Wednesday, February 27, 2008

Obama and the Grassroots

I talked yesterday about needing to get the heck away from the 50+1 strategy that has dominated politics over the past few decades, particularly since 2000 and the Rove-model. This model targets specific states and leaves others to rot, thereby screwing the local parties and hurting the party as a whole. Campaigns have traditionally been run from the top-down from within the establishment. HRC's is like that, for example. If you look at the endorsements in the states she gets most of the part machine (the governers, etc). The unfortunate bit about this is it really takes the power out of the little people and puts it in the hands of the power players. Those that 'know best', etc. The morons.

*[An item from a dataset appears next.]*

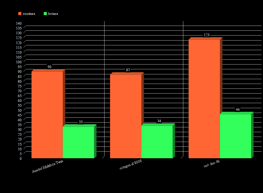 Leer y escribir 17/15 mb/s 23/18 mb/s – –

Enter Obama. The revolutionary thing about what he has been doing is that it has been TOTALLY grassroots built. He was a community activist long before a politication and has been a precient captaion. He knows what happens on the grass roots level and surrounded himself with people that know how to make it happen. And it shows. It is how he keeps closing a 20+ point cap between him and HRC over and over again. And it is how he is ahead in the polls in Texas and closing fast in Ohio.

This post has excerpts from volunteers involved in the ground game in Texas and how the Obama camp handles the situation. If this is indicative of his judgement regarding the people he surrounds himself with and his execution of goals, he will be a very compentent president.

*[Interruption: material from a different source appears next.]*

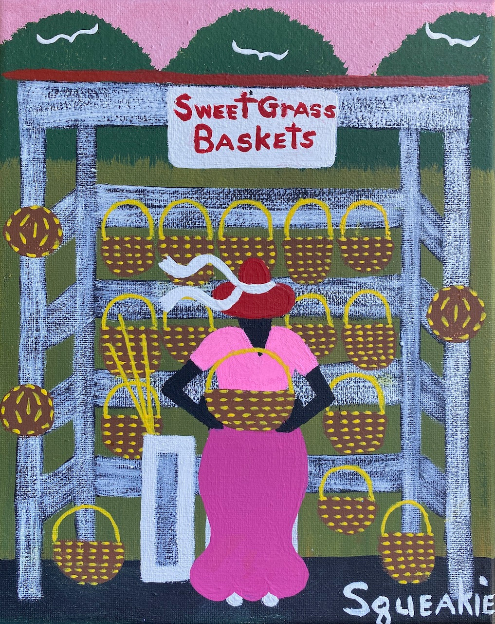 Squeakie is a self-taught artist from the rural Lowcountry whose nostalgic paintings portray a simpler way of life in Coastal South Carolina. He draws his inspiration from memories of childhood where he often worked in tobacco and cotton fields. He talks about this time in his life as "the work was hard, but life was slower, more simple- not so many distractions and bills to pay." He went on to work in factories and grocery stores until he became a house painter for nearly 25 years. Like many self-taught artists, Squeakie did not start creatively painting until later in his life. He was encouraged to do so by his Uncle Henry "Squirrel" Stone, who was a folk artist himself. One of Squirrel's clients asked for a commissioned painting of a church. Squirrel passed this commission on to Squeakie. Since that first painting, Squeakie has a resolute sense of purpose in his work. In 2007 he became a full-time artist, and now his "naive, down-home pictures" have been bought by collectors across the United States, and abroad. He says he paints more now than when he painted houses as his paintings tend to get snapped up quickly.

Anyway, the big plus to all this that I kinda touched on yesterday is how it rebuilds the Democratic party in places where it has been decimated (namely heavy red states). I believe STRONGLY in the 50 state strategy where the party is competitive in all 50 states. Howard Dean started to implement this after 2004 and we reaped its benefits in 2006 by winning some seats that we wouldn't have otherwise because the party was competitive and able to leap on opportunities that prevented themselves through corruption, etc. With Obama pouring this money and talent into all 50 states and reinjuvinating the local parties he just strengthens the party as a whole across the country, regardless of who wins the presidency.

A choice quote to illustrate this:
The Obama campaign has singlehandedly done more to rebuild the Democratic Party of Texas in 2 weeks than the TDP [Texas Democractic Party] has been able to in probably 10 years.

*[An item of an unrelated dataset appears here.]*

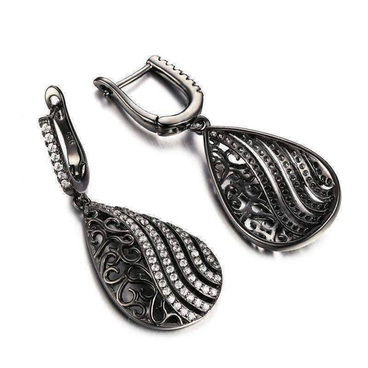 Ebony Swirl Black Gold Earrings – 63 CZ Teardrop Design for Women

And a quote that better illustrates the difference between the grass roots model Obama is using and the tradional model that HRC is using:

Obama's campaign shows the fruits of the very things kos and dkos in general has promoted. People powered politics, 21st century grassroots/netroots, internet fundraising, raising the level of involvement among the electorate, run a 50-state campaign.

Hillary's campaign represents the old way of running a political race. Lock up the establishment. Get endorsements, and do the usual GOTV operation, focus on the democratic strongholds, do traditional fundraisers with big spenders, etc.



That is just awesome and a great sign for the future.

UPDATE: Here is a brief post about early voter turn on in Texas.


In the top 15 counties with registered Democratic voters, there have been 419,904 early votes cast. Four years ago, the number was 72,688.


Nuts. Article talks a little more about the 50 state strategy long term briefly as well.

3 comments:

Dallace said...

Both of your last two posts are spot on, and I enjoyed reading them. I truly hope that if elected Obama lives up to the 'hype'

Bunny said...

I am very interested in your last couple of posts. I really don't know who I'm going to vote for, and I'm looking for somebody who is going to do something different.

Ryan said...

Thanks Bunny and Dallace.

I first thought Obama was hype but the way they have been working this primary and how _different_ they have been working it from both HRC and McCain really says a lot. If anyone is going to do something different, and based on their actions not just what they say, it'll be Obama.

McCain and HRC are both tied pretty tight to the lobbyists and get most of their funding from big donors. Most of Obama's has been through thousands of small donors and that, more than anything, gives him a free hand I think.